For those of us who covered a Synod of Bishops at the Vatican during the John Paul II and Benedict years, there was always a slightly surreal “Emperor has no clothes” dynamic about the experience.
An all-star cast of bishops from around the world would gather in Rome for a month to debate some critical issue, often pouring considerable time and effort into their speeches, a handful of which were memorable. (The late Cardinal Carlo Maria Martini’s “I have a dream” speech at the 1999 Synod for Europe, for instance, still makes the rounds.) Working groups would assiduously go over the final propositions, which for a long time were considered a state secret – making their inevitable leak 24 hours later a cherished guilty pleasure.
Reporters would describe the synod’s fault lines, document the push for compromise, and speculate about the final result, sometimes giving the impression that we were covering the Congress of Vienna.
In other words, everybody acted as if the synod mattered. The unspoken truth, however, was that all the cards were in the hands of the pope, and in most cases the big-picture decisions were already made.
When John Paul II used to attend sessions of the synod, he would sit in the front and read his breviary, the book of daily prayers for Catholic priests. Wags would quip it wasn’t actually a breviary but the final conclusions of the synod, which had already been written.
To be fair, the Synod of Bishops has always been a fascinating window on the realities of Catholic life around the world, as bishops from Africa, or Asia, or the Middle East, had a chance to explain just how different their challenges and priorities often are.
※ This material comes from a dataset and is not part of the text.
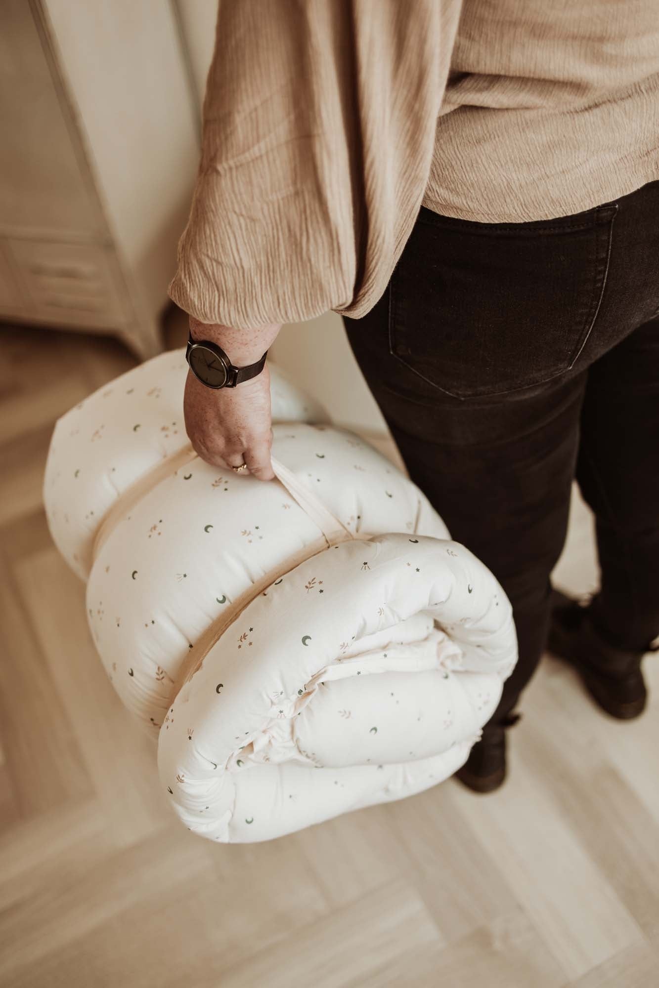 het licht gewichten speelkleed is gemakkelijk op te vouwen en mee te nemen door middel van een draagriem.
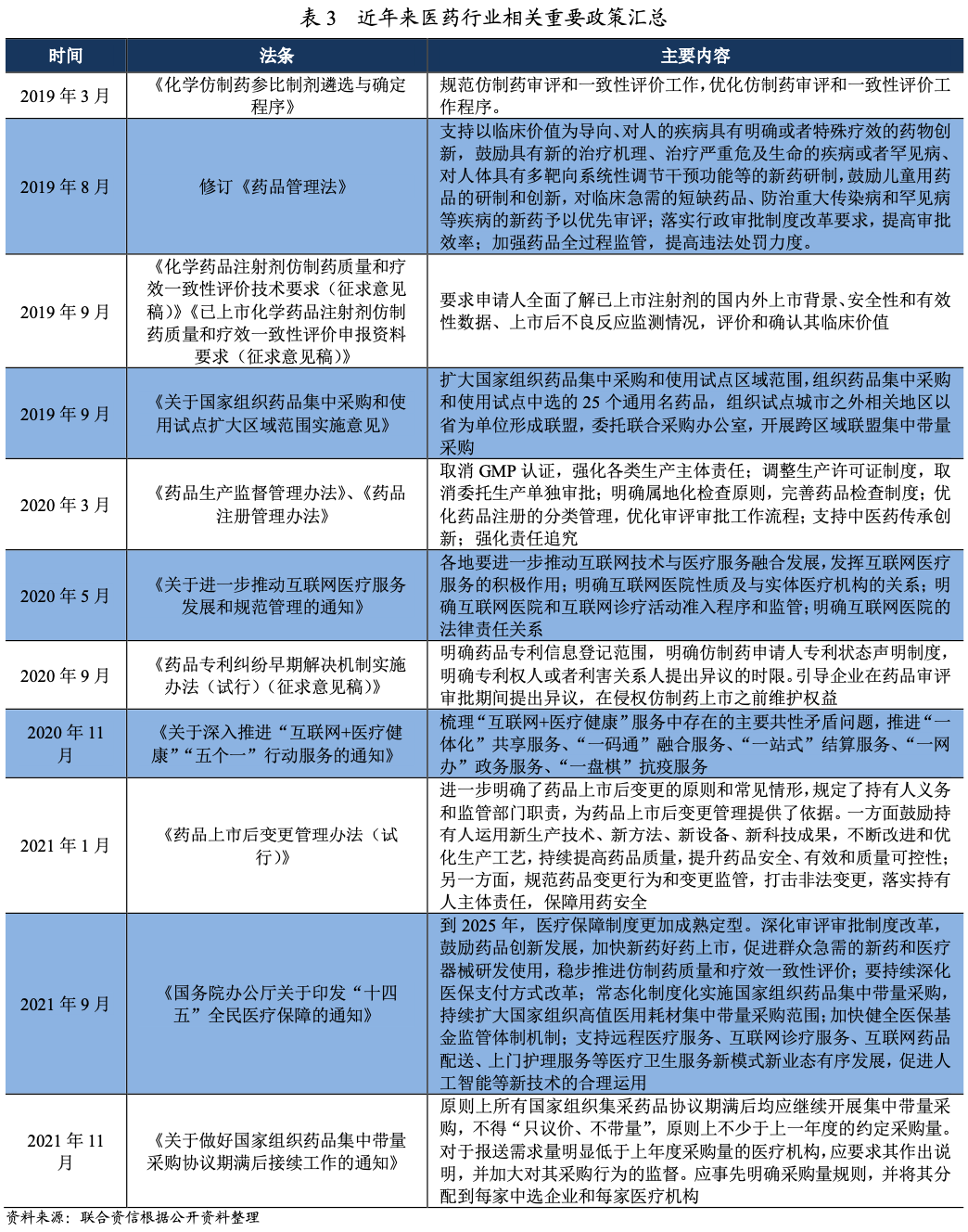 2019年以來(lái),集中帶量采購(gòu)、醫(yī)保控費(fèi)等政策的持續(xù)推進(jìn)為醫(yī)藥行業(yè)帶來(lái)了深刻變革;與此同時(shí),藥品審評(píng)審批、專(zhuān)利糾紛早期解決等政策的不斷完善也為醫(yī)藥行業(yè)帶來(lái)了新的機(jī)遇。2020年新冠疫情催生“互聯(lián)網(wǎng)+醫(yī)療”的蓬勃發(fā)展,相關(guān)規(guī)范化政策的陸續(xù)出臺(tái)為“互聯(lián)網(wǎng)+醫(yī)療”的可持續(xù)發(fā)展保駕護(hù)航。2021年“十四五”規(guī)劃發(fā)布,進(jìn)一步明確醫(yī)藥行業(yè)發(fā)展方向,各項(xiàng)政策持續(xù)推進(jìn)。

In that sense, as the Rev. Tom Rosica puts it, the synod is like an “MRI” into the global church. (Rosica has handled English-language media for several synods.) From personal experience, I’ve long noted a difference between bishops who have been to a synod and those who haven’t, because the former tend to think more globally.
To be fair, too, both John Paul II and Benedict XVI took synods seriously, genuinely wanting to hear what bishops had to say.
Still, the impression of high drama was always a little fake, because everyone knew that no synod was ever going to alter Catholic teaching or practice unless the pope wanted it to, and in that case he didn’t really need a synod to do it.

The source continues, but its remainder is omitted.